Data synchronization from MaxCompute node

更新时间:
复制 MD 格式

You can use a Data Synchronization from MaxCompute node in Data Studio to synchronize data from MaxCompute to Hologres. This process allows for faster queries on MaxCompute tables. This topic describes how to create and configure a Data Synchronization from MaxCompute node.

Background

When you use a Data Synchronization from MaxCompute node to query MaxCompute data in Hologres, you must first create an external table in Hologres. This external table links the MaxCompute source table (the table that contains the MaxCompute data to be synchronized) to a Hologres internal table.
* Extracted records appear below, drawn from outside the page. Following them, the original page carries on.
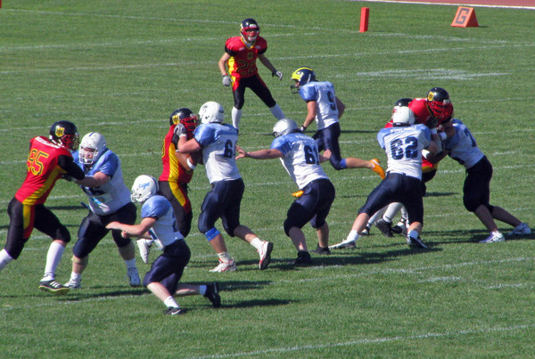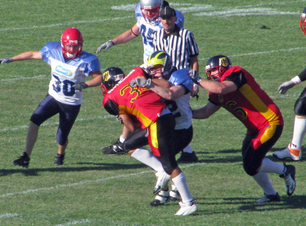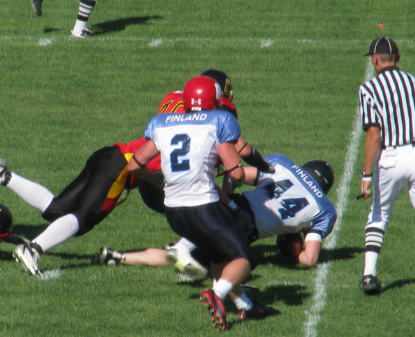 Saksan nuorten joukkue oli Suomen joukkuetta vahvempi numeroin 34-7. Lue otteluraportti. Suomen pisteistä ottelussa vastasi Ville Lindsten (6p) ja Julius Majander (1p). Suomi kohtaa seuraavassa ottelussaan Itävallan tiistaina 15.7. aamupäivällä.Alkulohko B:n matsi viimein kahden harjoituspäivän jälkeenssa lähti hyvin käyntiin suhteutettuna siihen, että yhtään harjoitusottelua ei ollut pelattu. Janne Lehtisen pitkä juoksu avasi jaardisaldon.Suomi sekavan alun jälkeen tuli mukaan hyvin peliin. Paras peli Lehtisen oma juoksu. Kaarlehto toisessa drivessa auki. Majander otti uloskuvan kiinni. Pelätyn ison puolustuksen kanssa Suomi-pojat pärjäsivät todella hyvin. Suomen liikkuva hyökkäyslinja taisteli mainiosti. Janne Lehtisen hyvä liikkuminen pohjusti juoksuja ja myös muutaman mainion heiton. Suomi kolmas draivi lähti kovalla sykkeellä eteenpäin. Tilannetta alusti Anssi Saaren upea syötönkatko flatillä. 12 jaardin linjalla Antto Kaartisen kiinniotto toi Suomen 12 jaardin päähän Saksasta. Suomen isoin sinkkubacki Ville Lindsten toi palloa kahden kannon verran 8 jaardia. Janne Lehtinen syöksyi ensimmäisiin yrityksiin. 2 jaardin pusku fb Ville Lindsteniltä toi tasoitusmaalin. Julius Majander potkaisi lisäpisteen 7-7 ajassa 8:46 toisella neljänneksellä. Puolustus teki hartiahommin töitä, mutta kuuma Sevillan San Pablo kenttä ja saksalaisten voimakas juoksupeli pohjusti Saksan toisen maalin. .Lisäpiste ohi 13-7 ja tilanne. Suomi jatkoi ennakkoluulottomalla heittopelillä ja Julius Majanderillä sisäkuviolla edettiin aimo annos jaardeja. Hienoja kauhun hetkiä koettiin, kun muutaman pelin päästä Lehtinen heitti täysin vapaalle Pehu-Lehtiselle, mutta heitto meni vähän yli. Sitten seurasi murheellinen hetki, jossa sisältöinä olivat säkitys, väärä aloitus ja pelin viivytys. Saksa joutui puolustamaan entistä agresiivisemmin ja alkoi tuomaan dusseldorfilaista heat`tiä. Suomen puolustuksessa tukimies Välimaa veti lepakkoiskun palloon Saksan aloittaessa massiivisen vyörytyksen ensimmäisen pelipuoliskon lopuksi. Saksa ei kuitenkaan onnistunut lopuissa yrityksissään ja pelinrakentajan juoksuyrityksen pysäytti Suomen hyvä ja tiivis juoksupuolustus. Suomi sai pallon vielä 1:14 pelikellossa. Suomi juoksi Matti Airaksisen kannoilla muutamat downit ja käytti ajan pois. Toinen pelijakso lähti Saksan hyökkäyksellä liikkeellä ja se johti myös ensimmäiseen lentopotkuun. Kovia taklauksia suorittivat tukimiehet Välimaa ja Westerlund. Suomen harmiksi vaihtovirhe Saksan 4:llä yrityksellä antoi heille mahdollisuuden jatkaa hyökkäystään. Saksalaispelinrakentajista voi sanoa, että he pitivät suomalaiset hyvin pelissä mukana, sillä heidän heittonsa menivät poikkeuksetta espanjalaisille harakoille ja mustarastaille. Vahvajalkainen puoliamerikkalainen Randalla Pane juoksi toisen maalinsa, kun isokokoinen linja teki raivoisasti tilaan. 2 pisteen peli onnistui myös. Tilanne 21-7. Suomen 3. neljänneksen ensimmäinen hyökkäys lähti hyvistä asemista. Julius Majanderin palautus saapuin 45 jaardin päähän saksalaismaalista ja siihen lisättiin saksalaisrangaistus päälle. Juha ”Kentaro” Kärnä juoksi ketterän 8 jaardisen, mutta sen jälkeen hyökkäys tyrehtyi hand off virheeseen ja yhteen Lehtisen pakoyritykseen. Suomen hyökkäyslinja taisteli hienosti. Saksa jatkoi valitsemallaan linjalla juosten keskilinjaa pitkin. Saksa onnistuikin neljännen jakson päätteeksi viemään tummapintaisen pikakiitäjänsä Malekin voimin Saksan turvallisen tuntuiseen johtoon 28-7. Suomi taisteli mutta alkoi selvästi väsyä. Antto Kaartisen ja Miro Kadmiryn rauhallisen varmat kopit säestettynä Ville Lindstenin kannoilla vei Suomalaiset 30 jaardin linjalle. Saksalaiset aloittivat jälleen kerran Lehtis-jahdin ja rauhallista heittotilaa saati aikaa ei saatu. Viimeiset hetket Suomi pelautti laajaa pelaajakaartia ja kaikki saivat maistaa pelaamisen hurmaa +43 celsiusta San Pablon elohopeamittarissa numeroihin 35-7. Saksalaiset jaksoivat blitzata aivan ottelun loppun asti. Tilastopoimintoja: Lehtinen 7/20 heitot, yksi syötönkatko. Hänet säkitettiin kolmesti. Kiinniottajista Miro Kadmiry otti 3/38, Kaartinen 2/39 ja Majander 2/38. Paras pallonkantaja oli Ville Lindsten 34 jaardia yhdeksällä kannolla. Keskiarvojuoksussa Janne Siltanen kävi vetäisemässä yhden yhdentoista jaardin siivun. Max Westerlund otti miehekkäät 4+2 taklausta. Hänen vertainen taklauskumppani oli Martti Välimaa, joka joka kokosi 2+3 taklausta sekä yhden säkityksen. Linjamiehistä Riku Kuusisto oli kovalla taistelutuulella ja väänsi 1+3. Takamiehistä kuumeesta toipunut Miikka Lievonen otti 2+2 taklausta. Anssi Saari taklasi 1+2 ja otti syötönkatkon, josta Suomi teki ainokaisen maalinsa. Saksalaisista aivan ehdoton oli Randall Pane joka juoksi kymmenen jaardin keskiarvolla 8 kannolla 85 jaardia. Malek Said säesti hänt juoksemalla kymmenellä kannolla 82 jaardia. Pelinrakentaja Demersin luvut olivat 4 onnistunutta heittoa kymmenestä. 1 säkki.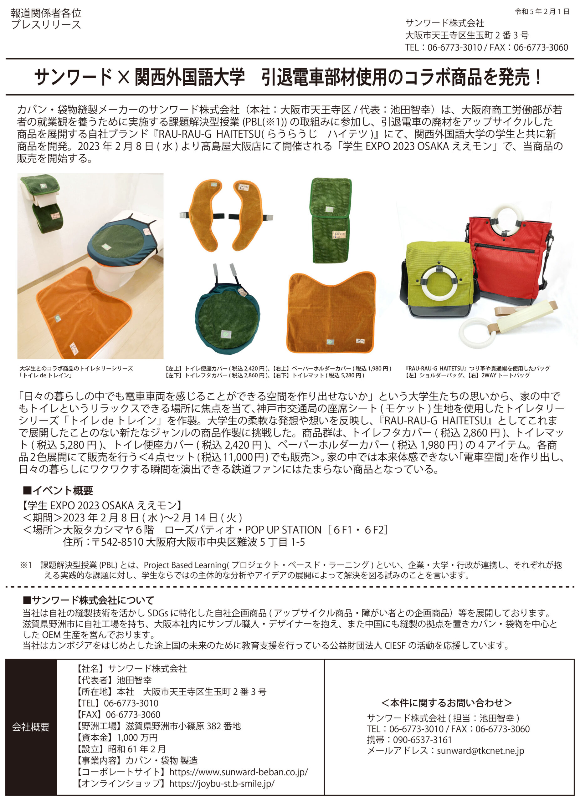 引退電車部材使用の関西外国語大学学生とのコラボ商品発売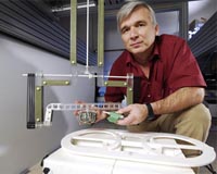 Atlanta GA (SPX) May 19, 2009 Researchers at the Georgia Institute of Technology have built a test facility to evaluate and enhance sensors designed to detect buried land mines. The unique automated system measures the response of individual electromagnetic induction sensors or arrays of sensors against land mines buried at many possible angles. Electromagnetic induction sensors work by sending out magnetic fields and detecting the response from the electric currents generated when the field interacts with a metallic target. While simple versions of these sensors are capable of detecting most land mines, advanced sensors are required to tell the difference between a land mine and harmless buried metal objects, which can include bottle tops, nails, shrapnel and spent bullets. "We built this facility to aid in the development of advanced electromagnetic induction sensors and associated detection algorithms, mainly because little was known about how the signals collected by these sensors from land mines changed when the mines were buried underground at odd angles," said Waymond Scott, a professor in Georgia Tech's School of Electrical and Computer Engineering. Scott and Gregg Larson, a senior research engineer in Georgia Tech's George W. Woodruff School of Mechanical Engineering, constructed the facility with funding from the U.S. Army and described it at the recent SPIE Defense, Security and Sensing Symposium. The testing structure was built with five computer-controlled axes - three translational stages and two rotational stages - and one manual axis. During testing, an individual sensor or array of sensors is fixed in the middle of the measurement region while the rotational stages orient a target and move it along a prescribed path around the sensor. For testing, the researchers place the sensor in the center of the area so that it is located as far as possible from any surrounding metal, including the floor that contains structural steel and the aluminum beams of the positioner frame. In the procedure used to measure individual targets, they also controlled for the response from the surrounding metal structures. The system can collect measurements of typical targets, including shell casings, wire loops, ball bearings and land mines. The data from each target is plotted as response curves, which are a function of the metal content and structure of the target and help discriminate a land mine from other metal buried in the ground. Previous field tests have shown that the shape of the response curves did not change when targets were buried at different depths, but the researchers wanted to know if the same was true for targets buried at different angles. "This facility allows us to collect measurements of typical targets and clutter objects with respect to location and orientation, which would be very difficult to measure in the field due to the difficulty of accurately placing and rotating the target," said Scott. At the symposium, the researchers presented data collected in the facility from three targets - a single wire loop, a composite target with three wire loops and a 9 millimeter shell casing. Their results with the single wire loop and shell casing showed that the shape of the response curve was the same for all of the rotation angles, but the amplitude of the response changed with rotation angle. The more complex three-loop target exhibited changes in the shape and amplitude of the curve when the rotation angle was modified. The researchers plan to use these results to make improvements to the sensor hardware and processing algorithms. Future efforts in the experimental facility will focus on measuring more targets and investigating methods for summarizing the massive amounts of collected data into simple physical models. The researchers also plan to improve the processing algorithms to help characterize more complicated targets and refine the detection and discrimination methods for electromagnetic induction sensors. Experiments conducted in the facility will ultimately help researchers better discriminate between land mines and harmless metal objects, which will lead to reduced false alarm rates. "This facility will help us develop advanced electromagnetic induction sensors that are most effective and able to quickly, accurately and repetitively measure the response of a buried target," noted Scott. This work is supported in part by the U.S. Army Night Vision and Electronic Sensors Directorate, Science and Technology Division, Countermine Branch and in part by the U. S. Army Research Office under Contract Number W911NF-05-1-0257. The views and conclusions contained in this document are those of the researchers and should not be interpreted as representing the official policies, either expressed or implied, of the Army Research Office or the U.S. Government. Share This Article With Planet Earth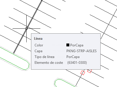 En el dibujo, se seleccionan todas las líneas de calada del aparcamiento.

Data is then synchronized from the source table to the internal table through this link. The external table's schema must match that of the MaxCompute source table. You can also use SQL statements to import data from MaxCompute to Hologres. For more information, see Import data from MaxCompute by using SQL.
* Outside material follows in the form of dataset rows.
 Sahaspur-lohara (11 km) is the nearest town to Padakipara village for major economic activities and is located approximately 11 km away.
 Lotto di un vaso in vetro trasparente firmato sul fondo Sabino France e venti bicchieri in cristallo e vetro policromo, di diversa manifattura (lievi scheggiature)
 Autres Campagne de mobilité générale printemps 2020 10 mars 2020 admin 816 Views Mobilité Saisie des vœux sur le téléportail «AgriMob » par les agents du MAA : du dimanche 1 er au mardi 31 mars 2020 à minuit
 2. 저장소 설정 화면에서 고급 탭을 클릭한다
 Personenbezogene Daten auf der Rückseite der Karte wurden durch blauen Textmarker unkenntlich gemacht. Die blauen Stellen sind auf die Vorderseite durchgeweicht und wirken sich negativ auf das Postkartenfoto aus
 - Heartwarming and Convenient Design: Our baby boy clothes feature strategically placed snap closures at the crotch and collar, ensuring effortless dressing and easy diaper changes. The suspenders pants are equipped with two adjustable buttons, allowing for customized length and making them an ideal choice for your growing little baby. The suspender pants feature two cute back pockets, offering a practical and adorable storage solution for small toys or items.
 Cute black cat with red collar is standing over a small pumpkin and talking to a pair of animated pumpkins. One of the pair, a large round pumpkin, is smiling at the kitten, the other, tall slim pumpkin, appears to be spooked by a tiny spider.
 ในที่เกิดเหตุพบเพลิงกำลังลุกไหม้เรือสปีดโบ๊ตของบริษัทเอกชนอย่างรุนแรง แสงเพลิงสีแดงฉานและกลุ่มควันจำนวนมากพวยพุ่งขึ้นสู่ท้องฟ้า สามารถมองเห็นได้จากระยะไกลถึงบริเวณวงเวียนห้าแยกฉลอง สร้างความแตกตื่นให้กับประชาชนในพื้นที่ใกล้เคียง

Importing MaxCompute data to Hologres provides better performance than directly querying data by using an external table. For more information about creating an external table to query MaxCompute data, see One-click MaxCompute table schema synchronization node.

Note

The operations described in this topic use the China (Shanghai) region as an example. The user interface may vary in other regions.

Prerequisites

Create a table data synchronization node

  1. Log on to the DataWorks console. In the target region, click Data Development and O&M > Data Development in the left-side navigation pane. Select a workspace from the drop-down list and click Go to Data Development.

  2. Create a Workflow.

    If you have an existing Workflow, skip this step.

    1. Hover over the 新建 icon and select Create Workflow.
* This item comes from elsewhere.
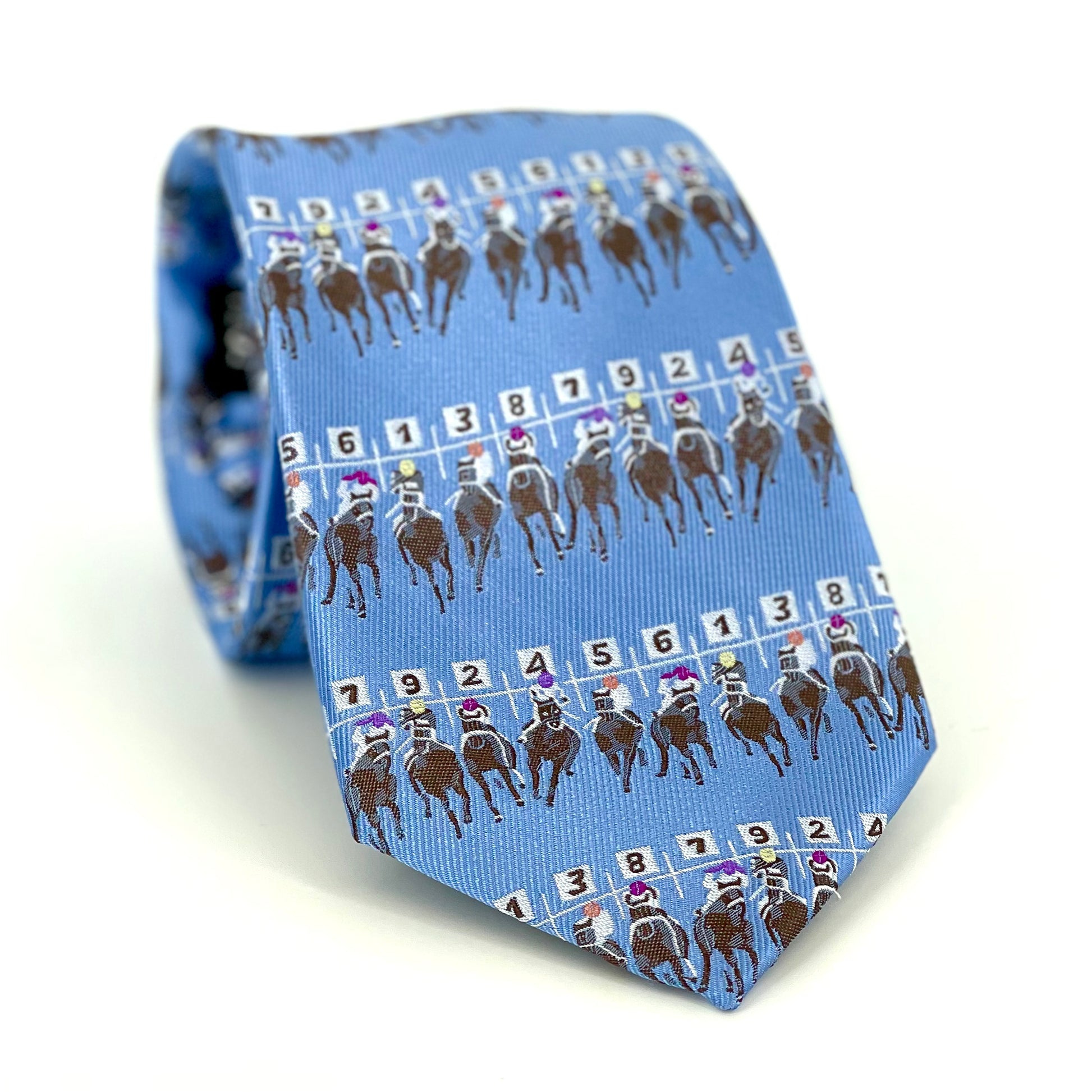 "Starting Gate" 100% Silk Neck Tie in Sky Blue by Logan's

    2. In the Create Workflow dialog box, enter a Workflow Name.

    3. Click Create.

  3. Create a Data Synchronization from MaxCompute node.

    1. Hover over the Create icon icon and select Create Node > Hologres > Data Synchronization from MaxCompute.

      You can also find and right-click the target workflow, and then select Create Node > Hologres > Data Synchronization from MaxCompute.

    2. In the Create Node dialog, enter a Name, and select an Engine Instance, a Node Type, and a Path.

    3. Click OK to go to the node editing page.

  4. Configure the node.

    On the node editing page, configure the MaxCompute source table, the destination table for storing data, the synchronization policy, and SQL code information.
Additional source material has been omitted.